Hoy más que nunca es muy importante enfrentar los ataques antidemocráticos continuos del régimen de Erdoğan, que suspende derechos democráticos elementales. Pero esto no puede hacerse desde una perspectiva liberal de “defensa de la democracia parlamentaria”, una política de subordinación de la clase trabajadora bajo direcciones burguesas o pequeño-burguesas. Además, fomenta la ilusión de que la democracia capitalista turca sin Erdoğan sería perfecta, ocultando que se basa en el genocidio de los armenios, la colonización interna de Kurdistán y políticas antiobreras. Esta democracia liberal casi no ofrece ningún espacio a las organizaciones de izquierda, kurdas u obreras. Un ejemplo de esto es la barrera del 10% que impide la representación parlamentaria de las fuerzas que no superen ese porcentaje.

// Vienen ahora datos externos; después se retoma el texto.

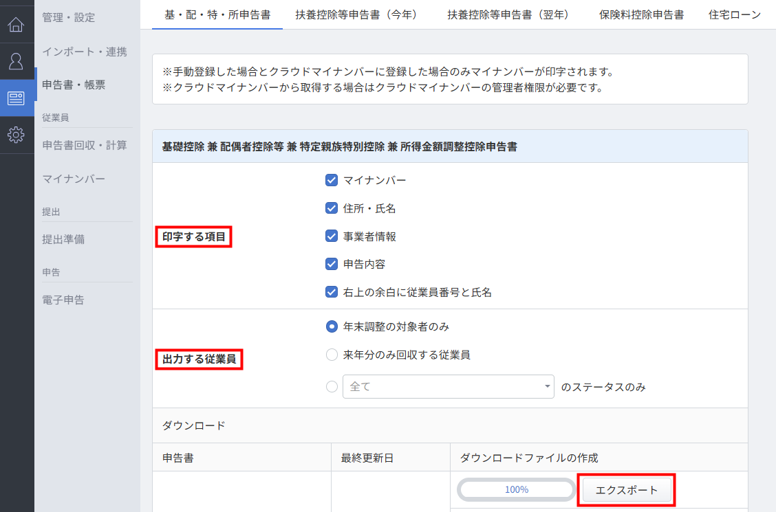 | ③ | ダウンロード | 「エクスポート」をクリックすると、申告書を出力できます。 |

Una política unitaria de frente único de los trabajadores es la única que puede organizar la resistencia contra Erdoğan y la burguesía turca. Un frente de lucha anclado en las fábricas, los sindicatos, colegios y universidades para movilizarse en las calles con los métodos de las huelgas y ocupaciones, al mismo tiempo que se lucha por imponer una asamblea constituyente. La fuerza de los trabajadores y los oprimidos reside en el frente único contra la guerra y los ataques de los fascistas, pero también en contra de la precarización, el desempleo, la política antidemocrática de Erdogan, el racismo y los ataques sexistas.

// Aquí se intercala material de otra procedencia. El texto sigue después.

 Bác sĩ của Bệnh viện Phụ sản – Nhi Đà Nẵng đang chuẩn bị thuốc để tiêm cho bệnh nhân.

Como parte de este frente único, hay que pelear por un programa de acción anticapitalista y antiimperialista, que tiene que incorporar tanto la autodefensa y la lucha contra las políticas de guerra como también la lucha por los derechos democráticos elementales de los oprimidos como es el derecho a autodeterminación del pueblo kurdo, junto a otras medidas como la anulación de la deuda externa, la nacionalización de la banca y de la gran industria bajo control obrero, etc. Contra la barbarie y el expolio del imperialismo en la región, que causa guerra, miseria y la huida de millones, hay que plantear la perspectiva de un gobierno de trabajadores.